# [REQUIREMENT]
From the very first line of the data to the line containing "Good used condition.", retype everything exactly, leaving the pictures behind.

# [DATA FOR REVIEW]
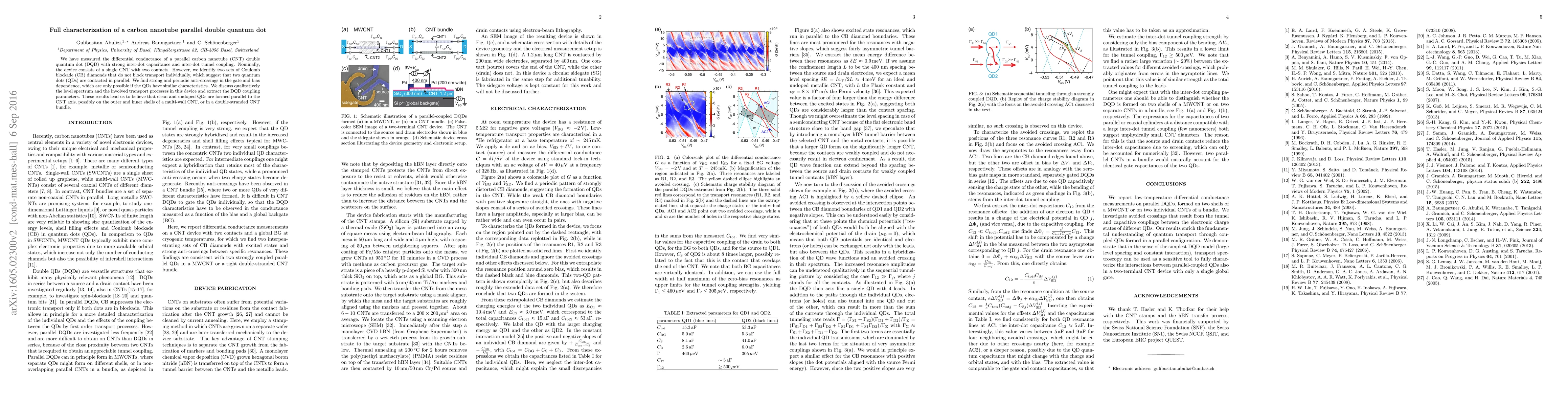 This research characterizes a carbon nanotube double quantum dot with strong inter-dot capacitance and coupling, revealing parallel quantum dot sets through Coulomb blockade observations and anti-crossings, suggesting formation in multi-wall CNTs or bundles. The study extracts coupling parameters and discusses the level spectrum and transport processes.
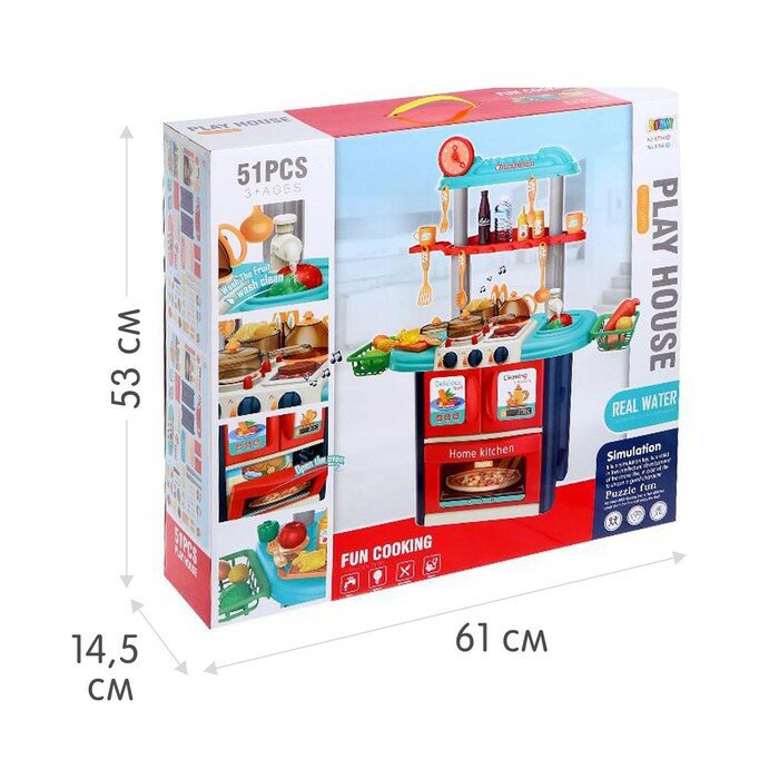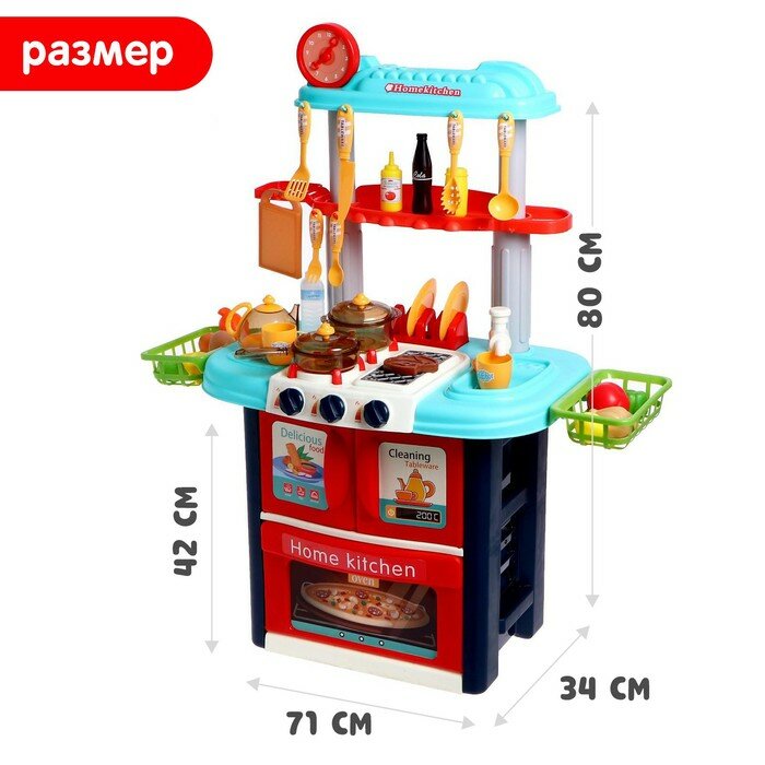 | В комплекте | духовой шкаф, игрушечная еда, плита, посуда, раковина, чайник |
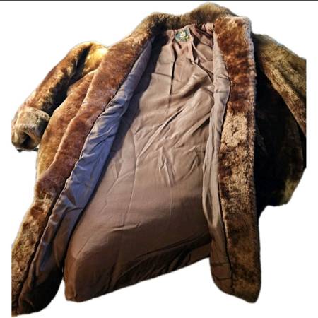 Good used condition. This will need to be professionally cleaned by someone familiar with fur coats. This coat is real fur, but I am unsure of the type. I'm unable to find a material tag/stamp or union made tag on the outer lining, so my guess is it's under the lining. The fur is most likely sheared beaver if I had to make a guess, based on the texture and appearance. The lining is in remarkable shape considering the age, but there are a few spots that are coming unstitched. This was sold at the Denver Dry Goods Company that went out of business in the 80s. This is not only a practical and warm garment but a lovely piece of local history.
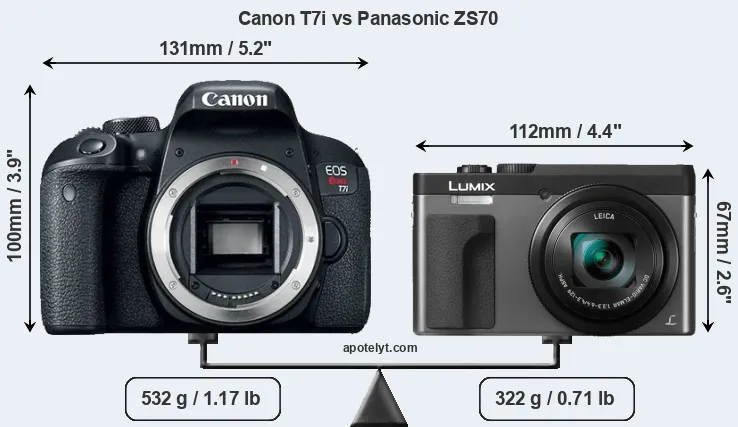 An illustration of the physical size and weight of the Canon T7i and the Panasonic ZS70 is provided in the side-by-side display below. The two cameras are presented according to their relative size. Three consecutive perspectives from the front, the top, and the back are available. All width, height and depth measures are rounded to the nearest millimeter.
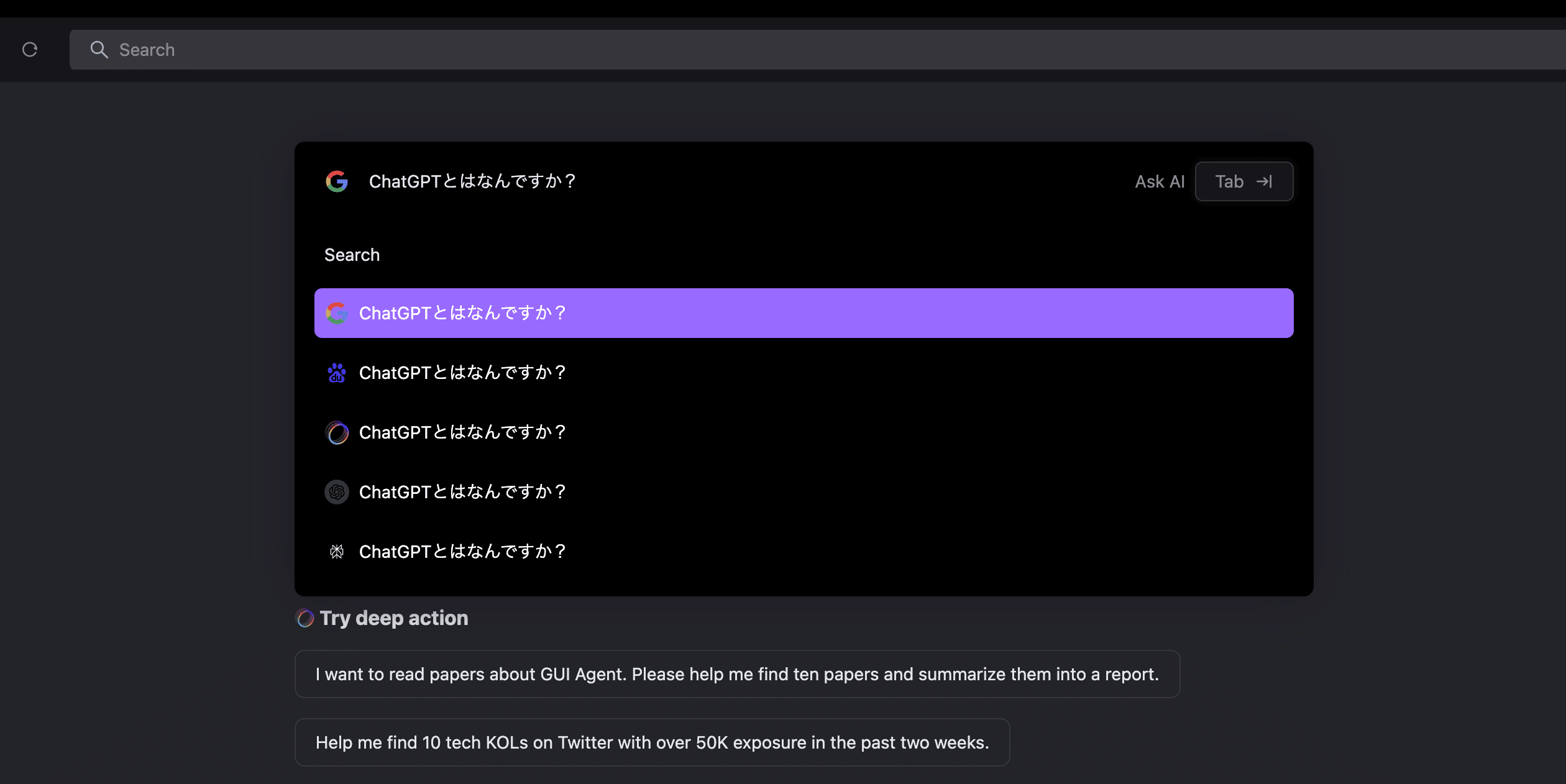 Fellou は開いているタブの内容を理解し、必要になりそうな次の操作を提案したり、ユーザーの指示に基づいた動作の実行が可能です。
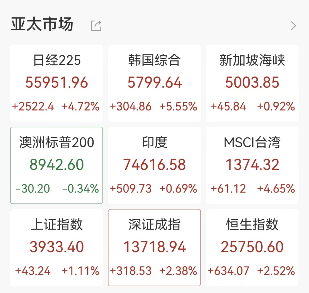 当日早盘,日韩股市开盘大涨,韩国交易所于KOSPI 200期货上涨5%后,启动KOSPI指数熔断机制,程序化交易暂停5分钟。截至9点31分,日经225指数上涨4.72%,韩国综合指数大涨5.55%。

# [EXERCISE RESPONSE]
 This research characterizes a carbon nanotube double quantum dot with strong inter-dot capacitance and coupling, revealing parallel quantum dot sets through Coulomb blockade observations and anti-crossings, suggesting formation in multi-wall CNTs or bundles. The study extracts coupling parameters and discusses the level spectrum and transport processes.
 | В комплекте | духовой шкаф, игрушечная еда, плита, посуда, раковина, чайник |
 Good used condition. This will need to be professionally cleaned by someone familiar with fur coats. This coat is real fur, but I am unsure of the type. I'm unable to find a material tag/stamp or union made tag on the outer lining, so my guess is it's under the lining. The fur is most likely sheared beaver if I had to make a guess, based on the texture and appearance. The lining is in remarkable shape considering the age, but there are a few spots that are coming unstitched. This was sold at the Denver Dry Goods Company that went out of business in the 80s. This is not only a practical and warm garment but a lovely piece of local history.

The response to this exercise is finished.